There is no denying that leaving any relationship is hard, says the Domestic Violence Advocacy Service (DVAS). In violent situations, women have to negotiate a number of obstacles that can make leaving difficult, or even dangerous. But if you think with your heart, not your head, you're in danger.

For Joanna, leaving almost wasn't an option. In the worst episode of violence she experienced, Joanna recalls lying on the floor while Steven kicked her and then smashed her in the face. “That night I was agony. I couldn't breath. I thought I was dying. I said to myself, 'God, please give me strength to leave because if I don't, he's going to kill me.'” Joanna waited fearfully until her boyfriend left the house, then took a taxi to the local police station, where she lost consciousness. When police officers called an ambulance Joanna had six broken ribs, a broken nose and her 45-kilogram body was covered in blood and bruises. Five days later, after being visited in hospital by a social worker, she was ready to take out a restraining order against Steven, to make a full statement to the police about the months of abuse she had endured and to try and begin her life again.

Simpson says this is the very reason her organisation doesn't blatantly tell women to leave. “It can be very difficult not to tell her to go, especially if we're concerned about her safety. But telling a woman what she should and shouldn't do runs the risk of alienating her further down the track,” she explains. “For example, if we advise her to leave and she doesn't, then six months later he hurts her badly, she'll be reluctant to seek our support because she didn't take our advice before.

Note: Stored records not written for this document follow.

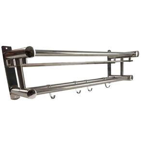 Organize a sua casa com esse organizador multifuncional, ele possui uma prateleira, barras de apoio e quatro ganchos, perfeito para colocar toalhas, panos de prato ou utensilios de cozinha.
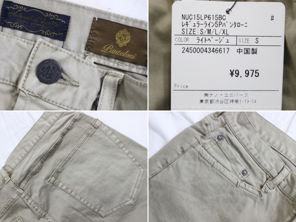 新品*nano universe ナノユニバース*レギュラーライン5Pパンタローニパンツ S ライトベージュ【465-4818】
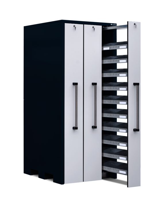 Der Vertikallagerschrank mit 10 Schüttgutwannen pro Auszug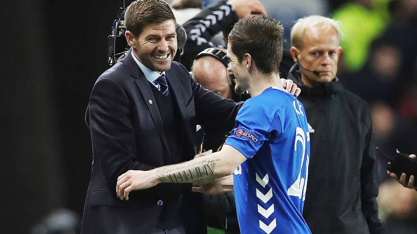 Rangers manager Steven Gerrard (L) celebrates with Ryan Kent at full time after the Europa League Group G match between Rangers and SK Rapid Wienon, October 4, 2018. /VCG Photo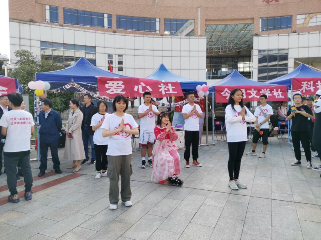 11月10日下午,“高举团旗跟党走 奉献青春创佳绩”2020年校园文化暨社团文化艺术节开幕式举行。爱心社在知行广场的社团嘉年华展示区开设一个区域,展示了爱心社建社的历史、主要志愿服务活动、所取得的主要成绩的照片,并布置了旧物回收、爱心捐款、爱心义卖专区,同学们表演了“感恩的心”手语操,现场反响热烈。

We have to work with women from the stage which they are at – she might not be ready to leave, she may be too scared, or she may say that she loves him so much she doesn't want to leave. Instead, we ask about other aspects of their relationship, to ascertain how safe she feels with him on a day-to-day basis – so she realises for herself that perhaps it isn't as positive as she thought. A typical scenario is a woman calling up and saying, 'My relationship is great, but my boyfriend hit me. I don't know whether it's just a one-off, or if he'll do it again?'”

“Through questioning,” Simpson continues, “she may also discover that he doesn't like her going out with her girlfriends. Or that he doesn't like her family, or her spending time with them. She may also realise that he gets drunk and puts her down sometimes. Hopefully, this puts things into perspective for her.”

Hall suggests writing down all the pros and cons to staying or leaving the relationship. “Tell another objective, trustworthy adult what's going on and ask as many people as you can whether you should stay or leave. Or approach one of the many professional sevices that offer help, such as your community legal or health centre,” she says.